The Sword of Sabin

A discussion initiated by Katherine Haxton prompted me to check out ResearchBlogging.org and there I discovered the Virology Blog written by Vincent Racaniello. Vincent is a poliovirus researcher at Columbia University; I’d met him a few times while working on the same virus in Boston and it was nice to get back in touch.

Racaniello definitely qualifies as a senior blogger, being a Professor of Microbiology and a very eminent virologist. Astonishingly he has been running his virology blog since 2004. He even has a podcast! Shame on me for not noticing sooner.

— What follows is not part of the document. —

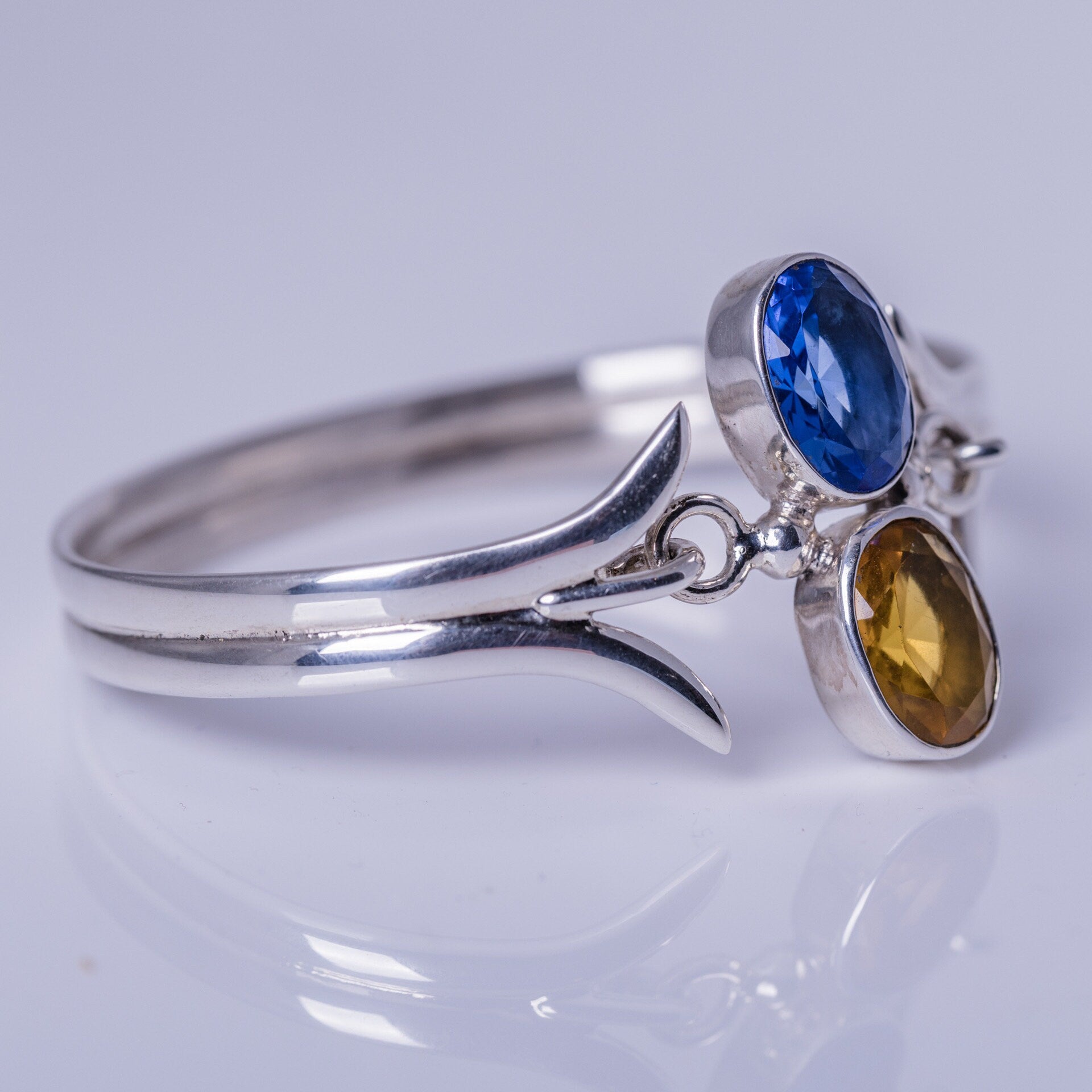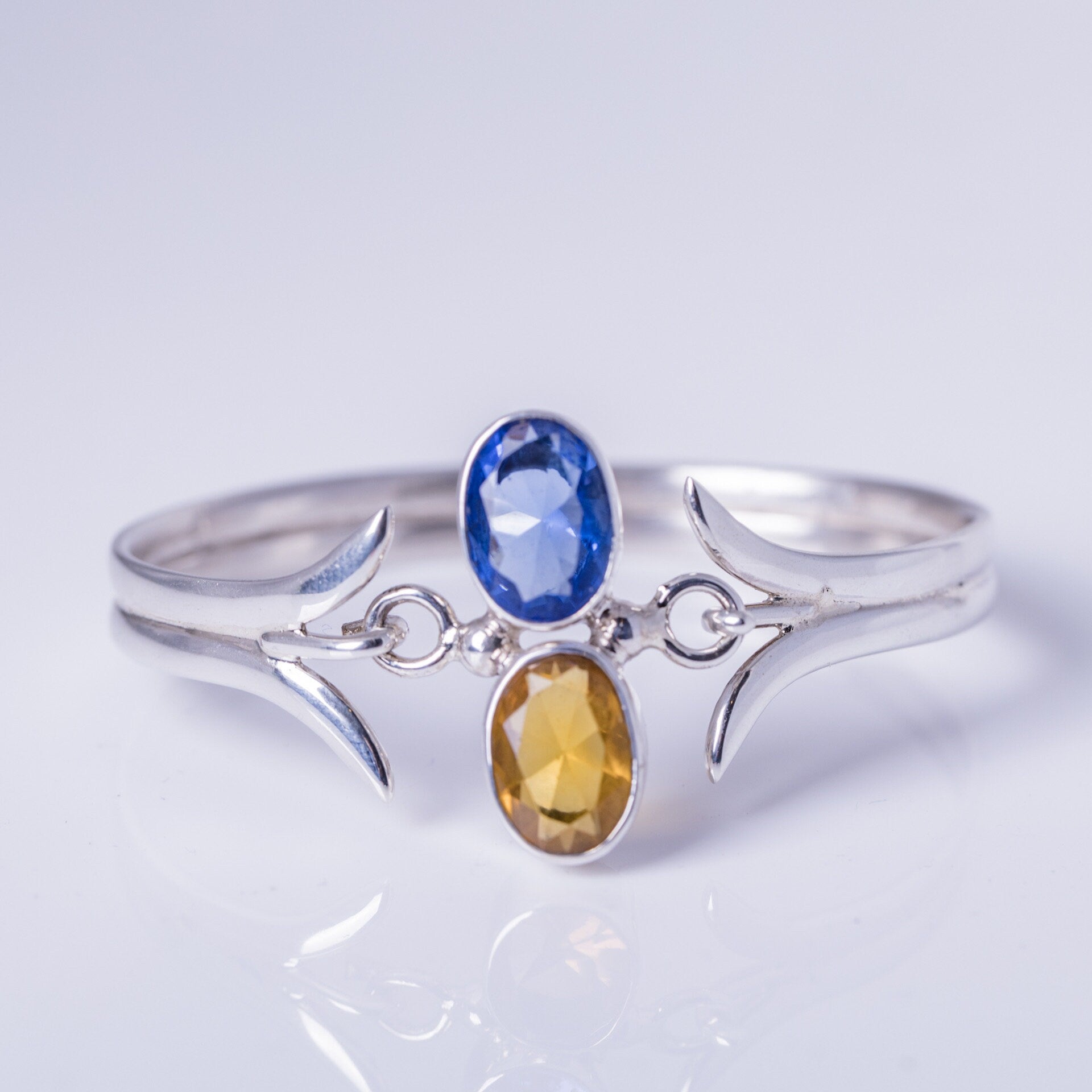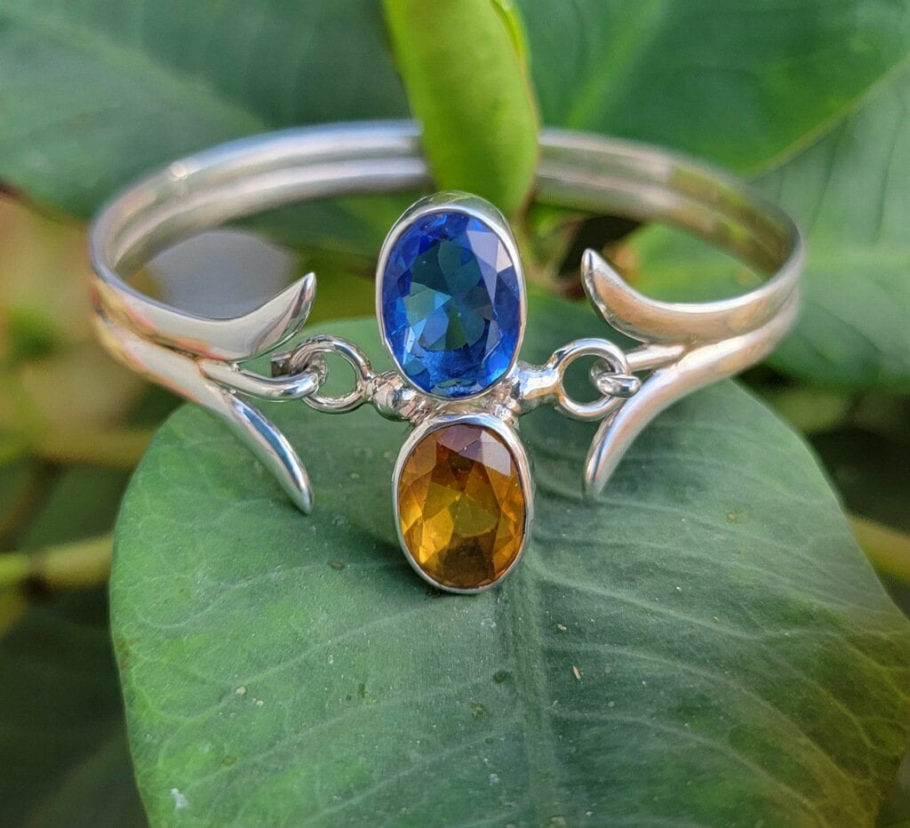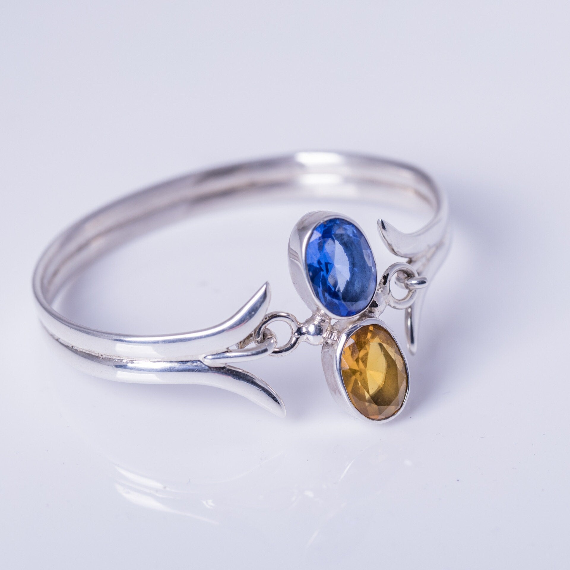 Blue and Golden topaz bracelet set in sterling silver, unique double gemstone necklace, handmade jewelry gift

On my first perusal I came across a fascinating post on letters Vincent had received from Albert Sabin, the pioneering developer of the oral poliovirus vaccine, a breakthrough that has spared hundreds of thousands the paralysing misery of poliomyelitis. Sabin was arguably a very great scientist, but from what I’ve read he could be, um, difficult. He had little regard for Jonas Salk, a “kitchen chemist” according to Sabin, who developed the rival killed polio vaccine. In fact there was little love lost between the two scientists and their spats have become the stuff of legend.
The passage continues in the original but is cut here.